- YOUR ASSIGNMENT
With the pictures left out, restate exactly the part below that opens with the line containing "B32这boss………快无解了攻击1:放一个dna形状的弹幕 飞出一段时间后炸开 子弹随机散开攻击2:眼睛两边放一排弹幕扫全屏" and closes with the line containing "Гирлянда Neon-Night нить".

- DATA RECORDS
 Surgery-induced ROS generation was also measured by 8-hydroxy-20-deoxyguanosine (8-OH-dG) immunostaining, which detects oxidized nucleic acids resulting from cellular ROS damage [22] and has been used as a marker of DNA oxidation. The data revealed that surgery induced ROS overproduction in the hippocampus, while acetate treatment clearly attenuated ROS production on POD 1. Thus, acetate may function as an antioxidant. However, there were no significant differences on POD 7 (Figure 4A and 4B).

==

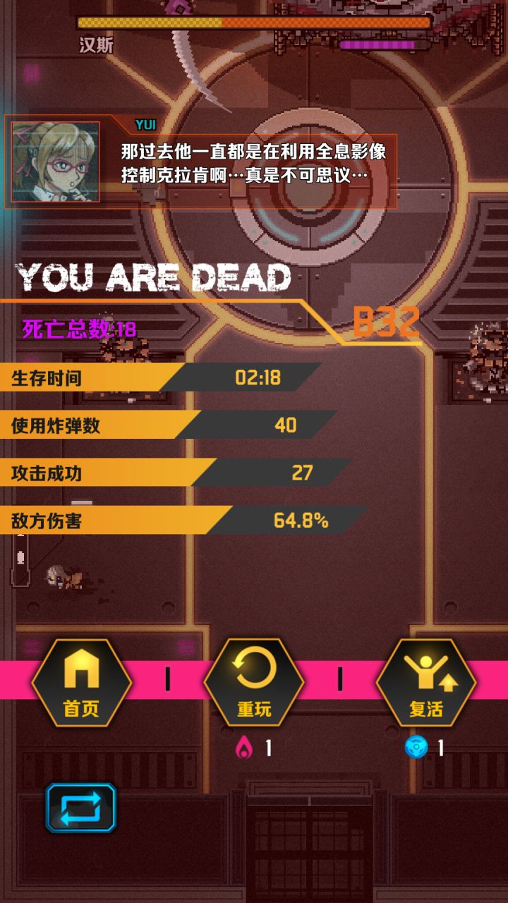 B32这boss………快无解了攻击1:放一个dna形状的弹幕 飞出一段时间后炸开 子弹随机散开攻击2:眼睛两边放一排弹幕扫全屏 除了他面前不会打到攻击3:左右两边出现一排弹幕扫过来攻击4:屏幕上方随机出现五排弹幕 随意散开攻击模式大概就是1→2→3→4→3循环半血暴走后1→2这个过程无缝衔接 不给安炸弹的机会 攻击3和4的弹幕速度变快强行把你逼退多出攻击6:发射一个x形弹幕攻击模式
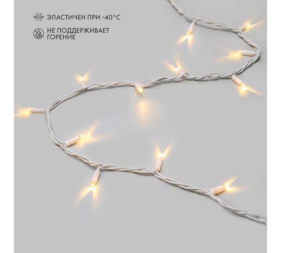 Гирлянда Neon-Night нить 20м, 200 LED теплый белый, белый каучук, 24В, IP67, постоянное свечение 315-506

- ANSWER AREA
 B32这boss………快无解了攻击1:放一个dna形状的弹幕 飞出一段时间后炸开 子弹随机散开攻击2:眼睛两边放一排弹幕扫全屏 除了他面前不会打到攻击3:左右两边出现一排弹幕扫过来攻击4:屏幕上方随机出现五排弹幕 随意散开攻击模式大概就是1→2→3→4→3循环半血暴走后1→2这个过程无缝衔接 不给安炸弹的机会 攻击3和4的弹幕速度变快强行把你逼退多出攻击6:发射一个x形弹幕攻击模式
 Гирлянда Neon-Night нить 20м, 200 LED теплый белый, белый каучук, 24В, IP67, постоянное свечение 315-506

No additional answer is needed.